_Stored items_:
+ + +
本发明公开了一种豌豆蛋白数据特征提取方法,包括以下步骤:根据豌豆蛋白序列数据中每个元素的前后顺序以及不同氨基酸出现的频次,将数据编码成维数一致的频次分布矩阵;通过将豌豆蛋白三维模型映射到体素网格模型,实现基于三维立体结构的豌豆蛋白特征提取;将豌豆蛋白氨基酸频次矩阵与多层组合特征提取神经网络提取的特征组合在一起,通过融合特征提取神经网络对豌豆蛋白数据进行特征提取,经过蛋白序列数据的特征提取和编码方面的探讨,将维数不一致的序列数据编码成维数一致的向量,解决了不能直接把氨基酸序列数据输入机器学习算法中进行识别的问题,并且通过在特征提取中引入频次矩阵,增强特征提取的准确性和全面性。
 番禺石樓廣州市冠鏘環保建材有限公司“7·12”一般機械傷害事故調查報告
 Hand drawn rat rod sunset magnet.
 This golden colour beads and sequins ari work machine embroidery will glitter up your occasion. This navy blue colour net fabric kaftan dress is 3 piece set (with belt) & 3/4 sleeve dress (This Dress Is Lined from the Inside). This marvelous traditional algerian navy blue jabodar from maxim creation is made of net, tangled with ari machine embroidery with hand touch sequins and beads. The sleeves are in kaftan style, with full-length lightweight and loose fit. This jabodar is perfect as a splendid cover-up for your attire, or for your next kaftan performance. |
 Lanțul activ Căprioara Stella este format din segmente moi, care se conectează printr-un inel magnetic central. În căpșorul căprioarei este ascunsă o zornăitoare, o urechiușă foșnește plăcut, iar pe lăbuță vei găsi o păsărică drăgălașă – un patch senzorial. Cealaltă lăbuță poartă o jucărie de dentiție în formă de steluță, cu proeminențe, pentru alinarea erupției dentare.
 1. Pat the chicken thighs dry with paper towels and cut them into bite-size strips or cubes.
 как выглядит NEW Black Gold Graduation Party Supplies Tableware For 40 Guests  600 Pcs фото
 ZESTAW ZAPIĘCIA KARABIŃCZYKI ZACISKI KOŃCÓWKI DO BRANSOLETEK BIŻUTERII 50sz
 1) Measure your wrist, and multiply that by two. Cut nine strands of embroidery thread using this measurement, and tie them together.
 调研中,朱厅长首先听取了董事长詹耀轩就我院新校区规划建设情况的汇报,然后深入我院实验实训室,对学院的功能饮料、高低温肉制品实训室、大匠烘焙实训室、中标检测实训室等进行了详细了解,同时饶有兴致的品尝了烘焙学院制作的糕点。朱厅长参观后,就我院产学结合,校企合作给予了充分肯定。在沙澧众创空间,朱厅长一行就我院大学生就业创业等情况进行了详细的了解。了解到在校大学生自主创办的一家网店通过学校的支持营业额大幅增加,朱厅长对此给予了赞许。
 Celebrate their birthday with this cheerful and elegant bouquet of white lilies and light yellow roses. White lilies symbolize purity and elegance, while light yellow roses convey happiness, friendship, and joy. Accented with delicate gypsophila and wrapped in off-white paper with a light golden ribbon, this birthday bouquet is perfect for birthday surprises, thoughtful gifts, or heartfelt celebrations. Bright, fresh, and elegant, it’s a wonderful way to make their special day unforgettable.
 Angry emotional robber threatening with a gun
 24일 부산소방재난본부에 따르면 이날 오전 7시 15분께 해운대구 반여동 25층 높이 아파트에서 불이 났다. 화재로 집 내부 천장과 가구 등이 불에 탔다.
+ + +
_WHAT TO PRODUCE_:
The expected answer is an exact copy of the lines above, beginning at the line with "Hand drawn rat rod sunset magnet." and ending at the line with "调研中,朱厅长首先听取了董事", with both ends in.

_RESULT_:
 Hand drawn rat rod sunset magnet.
 This golden colour beads and sequins ari work machine embroidery will glitter up your occasion. This navy blue colour net fabric kaftan dress is 3 piece set (with belt) & 3/4 sleeve dress (This Dress Is Lined from the Inside). This marvelous traditional algerian navy blue jabodar from maxim creation is made of net, tangled with ari machine embroidery with hand touch sequins and beads. The sleeves are in kaftan style, with full-length lightweight and loose fit. This jabodar is perfect as a splendid cover-up for your attire, or for your next kaftan performance. |
 Lanțul activ Căprioara Stella este format din segmente moi, care se conectează printr-un inel magnetic central. În căpșorul căprioarei este ascunsă o zornăitoare, o urechiușă foșnește plăcut, iar pe lăbuță vei găsi o păsărică drăgălașă – un patch senzorial. Cealaltă lăbuță poartă o jucărie de dentiție în formă de steluță, cu proeminențe, pentru alinarea erupției dentare.
 1. Pat the chicken thighs dry with paper towels and cut them into bite-size strips or cubes.
 как выглядит NEW Black Gold Graduation Party Supplies Tableware For 40 Guests  600 Pcs фото
 ZESTAW ZAPIĘCIA KARABIŃCZYKI ZACISKI KOŃCÓWKI DO BRANSOLETEK BIŻUTERII 50sz
 1) Measure your wrist, and multiply that by two. Cut nine strands of embroidery thread using this measurement, and tie them together.
 调研中,朱厅长首先听取了董事长詹耀轩就我院新校区规划建设情况的汇报,然后深入我院实验实训室,对学院的功能饮料、高低温肉制品实训室、大匠烘焙实训室、中标检测实训室等进行了详细了解,同时饶有兴致的品尝了烘焙学院制作的糕点。朱厅长参观后,就我院产学结合,校企合作给予了充分肯定。在沙澧众创空间,朱厅长一行就我院大学生就业创业等情况进行了详细的了解。了解到在校大学生自主创办的一家网店通过学校的支持营业额大幅增加,朱厅长对此给予了赞许。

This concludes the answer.